# Would you remove your A from CPC-A?



## MarciaH (Aug 21, 2009)

I am a CPC-A and I have been employed by a Podiatrist for a year now. By the AAPC guidelines for becoming a CPC I need one year experience and 2 letters, one from employer and one from an instructor. By those guidelines, I can have the A removed. But my concern is that my experience has only been my externship in a MD's office and one year in Podiatry. 

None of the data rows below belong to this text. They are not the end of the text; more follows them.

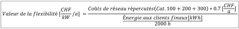 À partir de ce raisonnement, on en déduit aussi l’unité de valeur de la flexibilité: il s’agit uniquement des coûts par puissance fournie (CHF/kW); toutes les grandeurs qui illustrent le recours à la flexibilité, telles que la durée ou la fréquence d’un décalage de charge, ne sont pas pertinentes, car la valeur est calculée pour l’extension conventionnelle du réseau.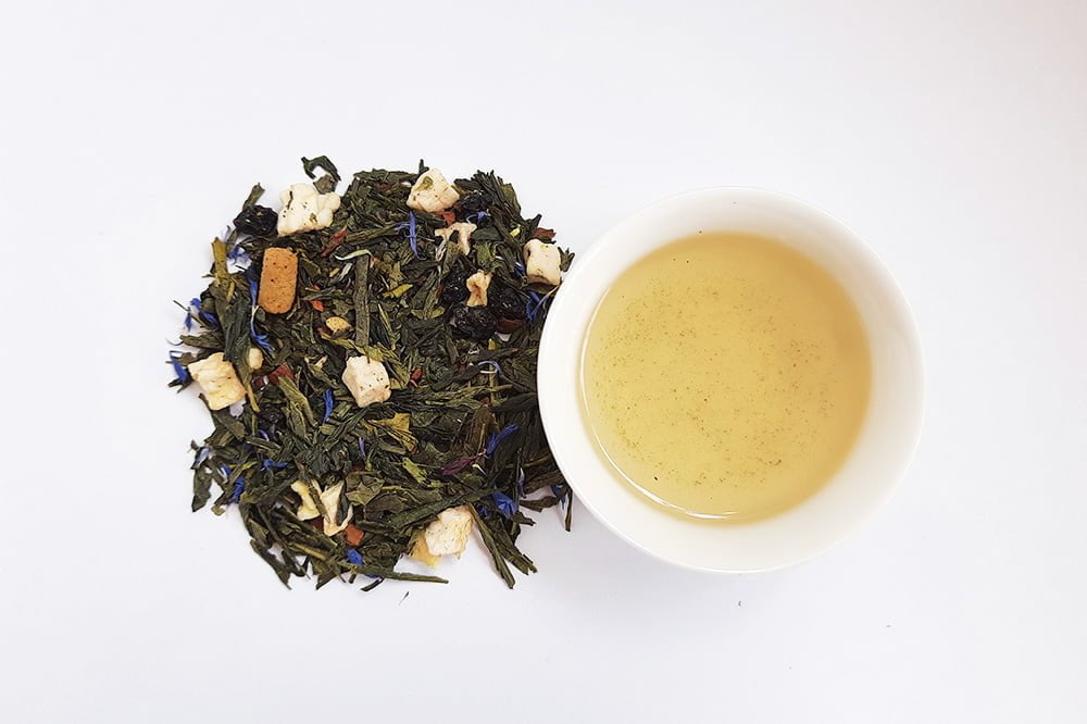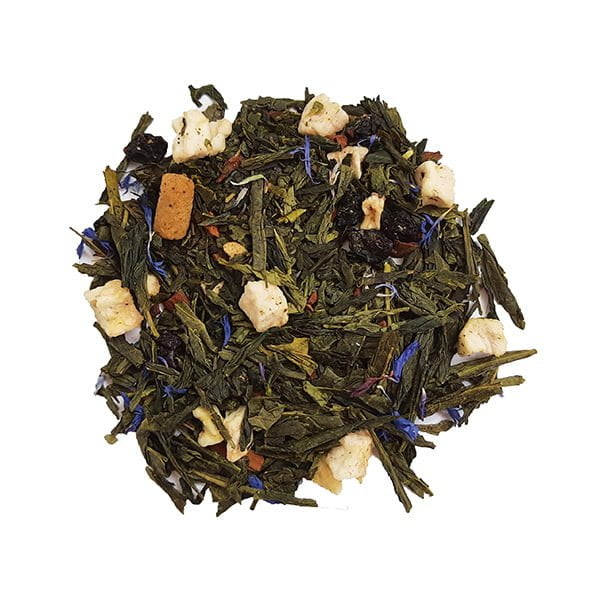 Groene thee, Appelstukjes, Krenten, Stukjes Marsepein, Kaneel, Aroma, Korenbloem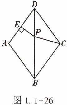5. (★)如图1.1-26,在菱形ABCD中,∠ADC=72°,AD的垂直平分线交对角线BD于点P,交AD于点E,连接CP,则∠CPB的度数为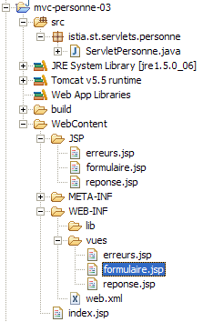 Pour créer le projet Eclipse [mvc-personne-03] de l'application web [/personne3], on dupliquera le projet [mvc-personne-02] en suivant la procédure décrite au paragraphe 6.2, page 78.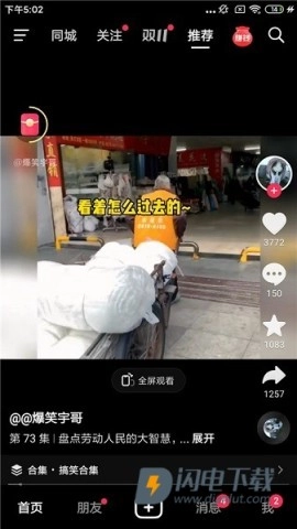 抖音极速版的界面设计简洁直观,底部导航栏仅设有“首页”“同城”“消息”“我”四个功能选项,未包含发布短视频与观看直播的入口,这一设计能让用户的注意力更聚焦于短视频观看体验上。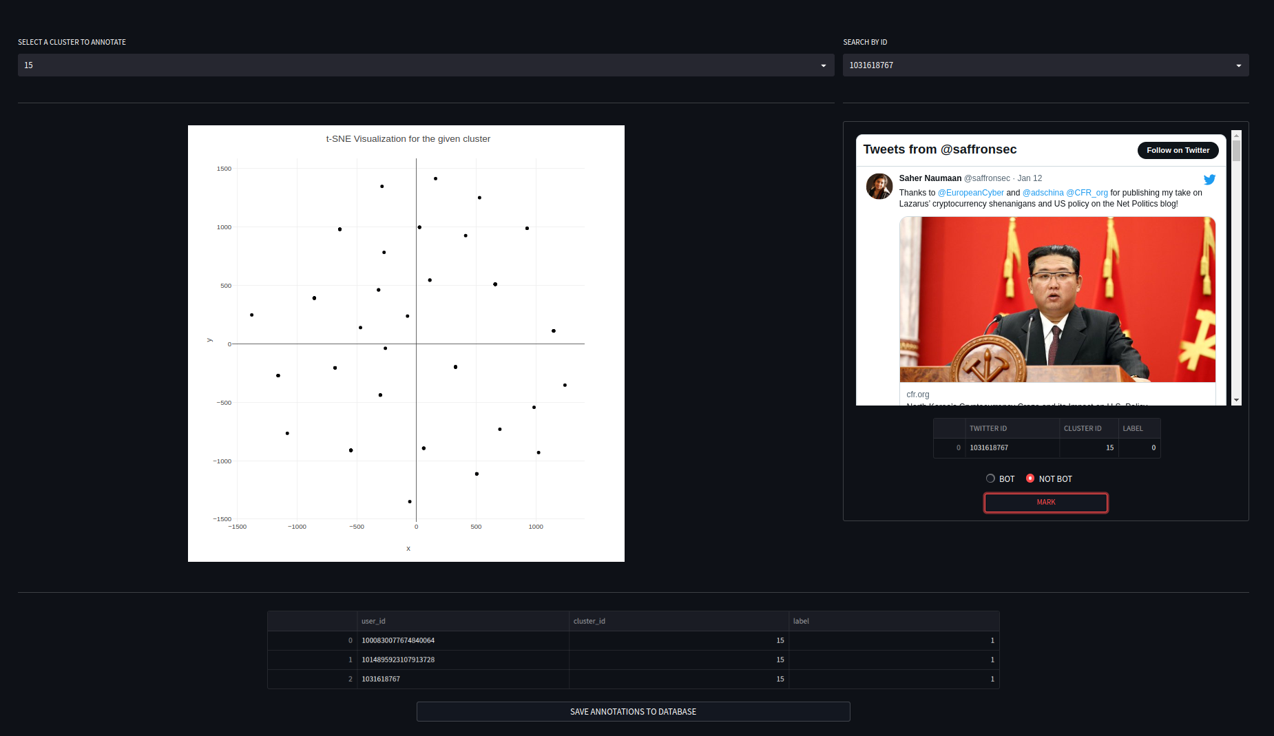 The interactive bot detection system operates through a multi-stage process: retrieving unlabeled clusters from an SQLite database, presenting account characteristics via t-SNE visualization, and enabling users to examine individual profiles alongside pre-calculated NLP-based bot likelihood scores. This human-in-the-loop approach allows for informed decision-making regarding account bot status, with user feedback continuously improving the system’s precision.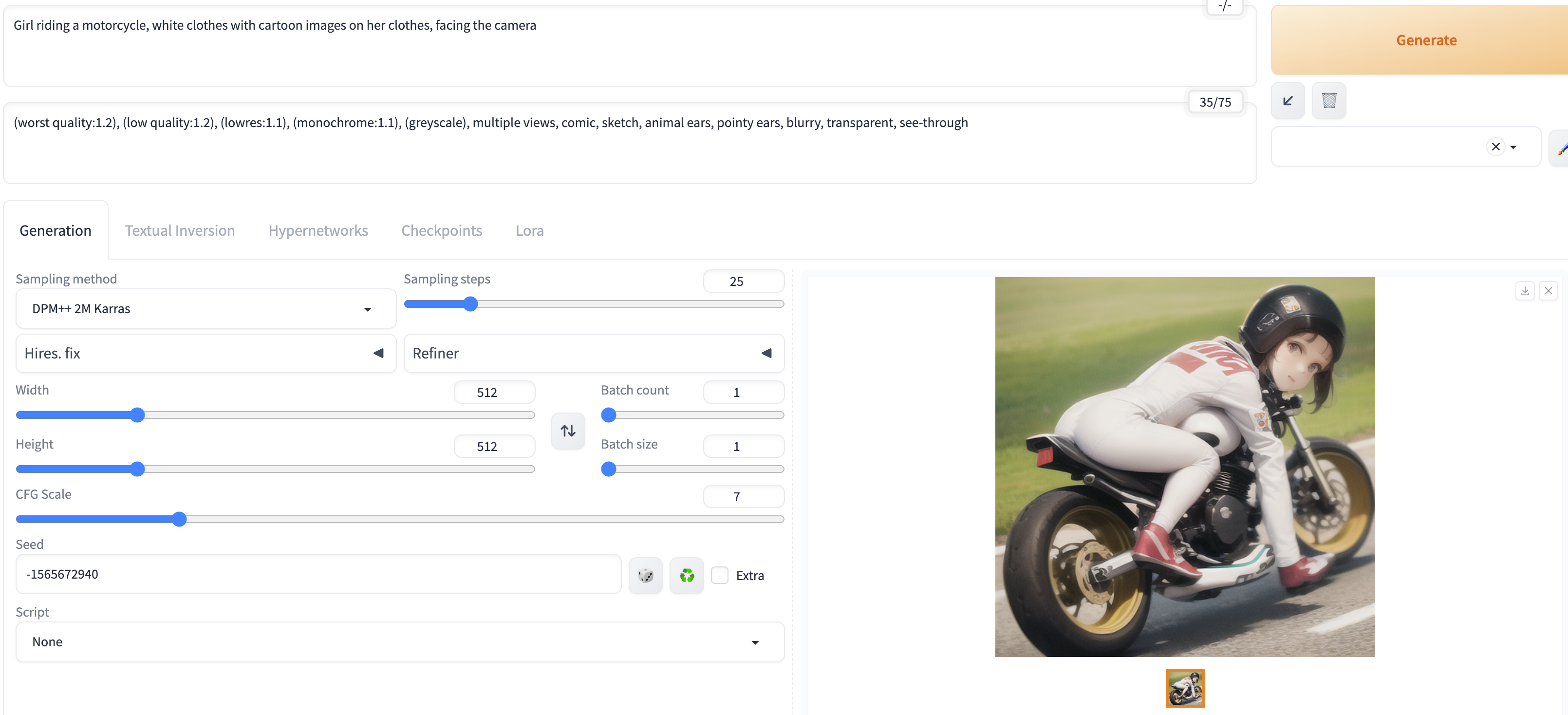 Stable Diffusion checkpoint:选择具体的模型Prompt:正向提示词,描述你想要的图片,比如:girl,long hair,black clothes,big eyes(长发黑衣服大眼睛的女孩)。@注意:不支持中文Negative prompt:反向提示次,不想要在图像中出现的词,比如:low quality(低质量)。Sampling Method:抽样法,常用于去噪,内置多种算法可供选择。比如DPM++ 2M Karras,可以很好地平衡了速度和质量。Sampling Steps: 采样步骤数。虽然越多越好,但是值越大生成的时间越长。大部分情况选择:20 ~ 25。Width & Height:输出图像的大小长和宽。长宽也不是随意设置;目前使用 v1 模型时,至少将一变设置为512。目前已知可选的组合有:512*512、512*768、768*512Batch Count: 批次数量。Batch size:每一批次要生成的图像数量。CFG scale: 用于控制模型生成的图片,和提示词的符合度。默认为7,数值越小AI自由发挥的空间就越大,数值越大相对来说就越刻板(严格按照提示词);Seed:指定一个随机种子,用于初始化图像生成过程。相同的种子值每次都会产生相同的图像集,这对于再现性和一致性很有用,如果将值设置为-1,则每次运行都会生成一个随机种子。Hires.Fix: 高清修复,主要是提高生成的图像的分辨率,注意:开启后生成图片会很慢;其他选项说明:Upscaler:指的是放大算法,内置了很多算法,其中R-ESRGAN 4x+:擅长写实图片、R-ESRGAN 4x+ Anime6B:擅长二次元图片,Hires setps:高清修复的步数和Sampling Steps代表的意义一样;Denoising strength: 重绘幅度,AI的自由发挥空间,值越大AI就越放飞自我,值越小就越按照原图重绘;Upscale by: 放大的倍数,和下面两个互斥;Resize width to:指的是把图片放大后,宽度的像素;Resize height to: 指的是把图片放大后,高度的像素;

Should I get the A removed? Or should I keep it and try to gather more experience? I don't see myself leaving this office for awhile due to the economy in Michigan. There just aren't any jobs right now. I'm not sure what way to go and I'm looking for feedback on what others would do. I feel that having the -A after the CPC is keeping me from getting other jobs when I apply.

So what would you do?


----------



## kburke (Aug 21, 2009)

Its kind of a catch 22. Those letters verify your work experience and I know my class alone counted as a year of experience. But if you aren't planning on leaving, I would say leave it there and gain the experience. It will all pay off in the long run.


----------



## ollielooya (Aug 21, 2009)

Hi, I'm at the point where shortly I could request to have the A removed.  I have the year of experience and the education and letters.  HOWEVER, must admit that having the "A" behind CPC warrants a little compassion and understanding from the other coders especially when making those mistakes and learning from them!   ---Suzanne E. Byrum, CPC-A, Everett WA


----------



## buckeye56 (Aug 23, 2009)

*Removed the A*

Ollielooya, I know what you mean about the A warranting a little compassion.  I just got my A removed, but the only people to whom I've mentioned it in my rather large office are the people who wrote the recommendation for me.  I'm afraid if other people knew that I'm now a CPC, they might wonder, "Why doesn't she know more?  Why isn't she faster?"


----------



## Treetoad (Aug 23, 2009)

Even seasoned coders make mistakes.  I would hope that we all have compassion for each other regardless of our status.


----------



## MarciaH (Aug 25, 2009)

Thanks to all who answered! After reading the responses, I have decided to keep my -A for now. I know I have a lot to learn still so I don't want to give the impression that I know everything or most everything (especially since my only experience is in Podiatry).
Thanks again!
Marcia


----------